Although dated in some aspects, Cat’s Eye is one of the best portmanteaus, because like Tales from the Crypt, its resources are A-list. Lewis Teague brings to life two short stories from Stephen King’s Night Shift and one original tale by the master, who also scripted the film. All three episodes are witty and well acted and likely to satisfy anyone’s yen for mid-‘80s nostalgia.
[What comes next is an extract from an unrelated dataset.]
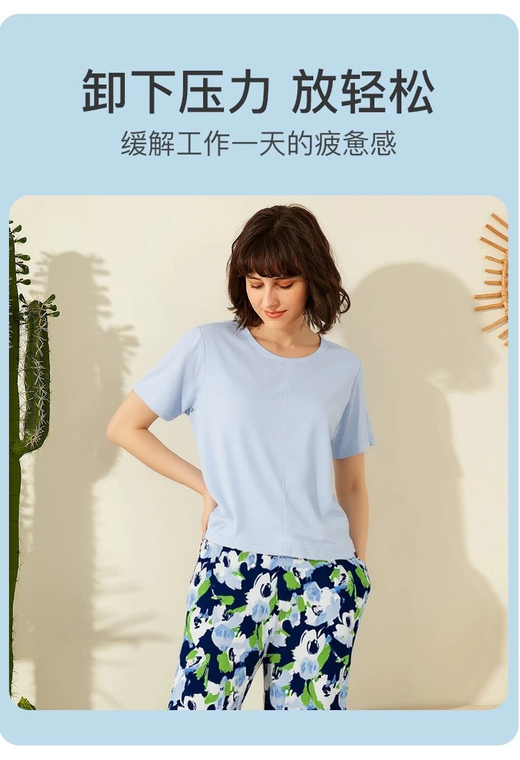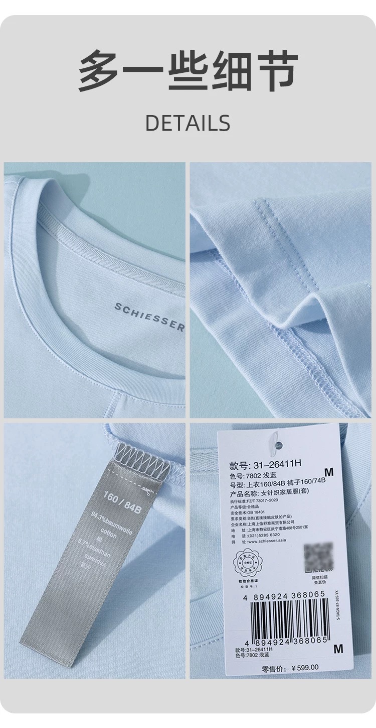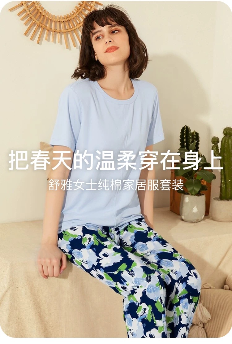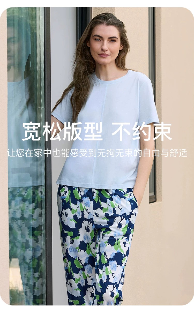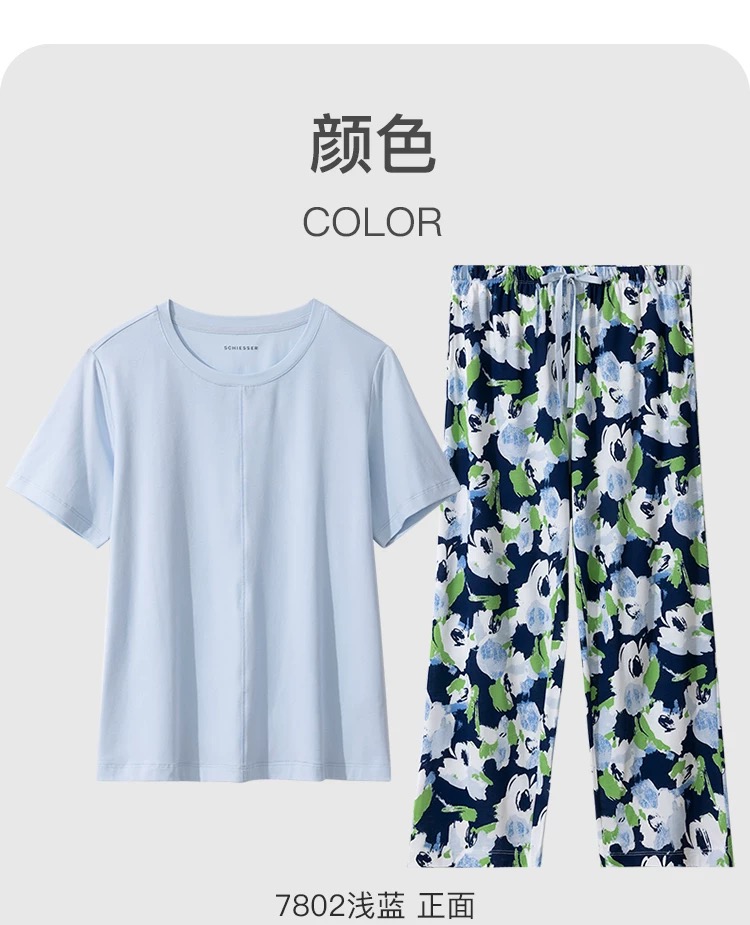 【棉莫单面布】SCHIESSER德国舒雅女短袖长裤套装 32S棉莫代尔单面 50%棉50%莫代尔 150g/m2 31/26411H

Without a doubt, the king of King’s script is “Quitters, Inc.”, a black, black comedy in which James Woods takes extreme measures to stop smoking. Alan King is at his sleazy best as the gangster-like mastermind behind the title clinic, which uses threats of mutilation, rape, and electrocution to help clients kick their nasty habits. It’s a delightfully mean-spirited piece with Woods convincingly conveying the visceral anguish of the tobacco withdrawal that impels him to put himself and his loved ones in mortal danger. You’ll never hear “96 Tears” the same way again.

Best Wraparound

Dead of Night (1945 dir. Basil Dearden)

A weak wraparound doesn’t necessarily sink a great portmanteau. Tales from the Crypt, with its all-too predictable confrontation with the Crypt Keeper, and Cat’s Eye, with its cat running around, prove that. Conversely, an overall weak portmanteau can feature a fab wraparound, as Twilight Zone: The Movie and Dead of Night certainly prove. In fact, with these two particular films, it is their wraparounds that viewers seem to remember with the most fearsome fondness. “You wanna see something really scary?” is enough to send shivers up the spines of those who saw Twilight Zone at an impressionable age. No matter what age you are, the Dead of Night wraparound is petrifying. Basil Dearden, who also directed the brief “Hearse Driver”, handles Walter Craig’s (Mervyn Johns) encounter at a house party in the English countryside. Craig listens patiently as each guest tells his or her scary stories, experiencing uncanny chills through it all. He has good reason to feel uneasy, as all of those horror tales reprise in a concerted attack on him at the film’s climax. Craig moves from scene to scene as if trapped in some nightmarish labyrinth until coming face to face with Hugo the Dummy in the film’s most traumatizing flourish. A last minute twist finishes the film in a fog of dread. Next episode, please!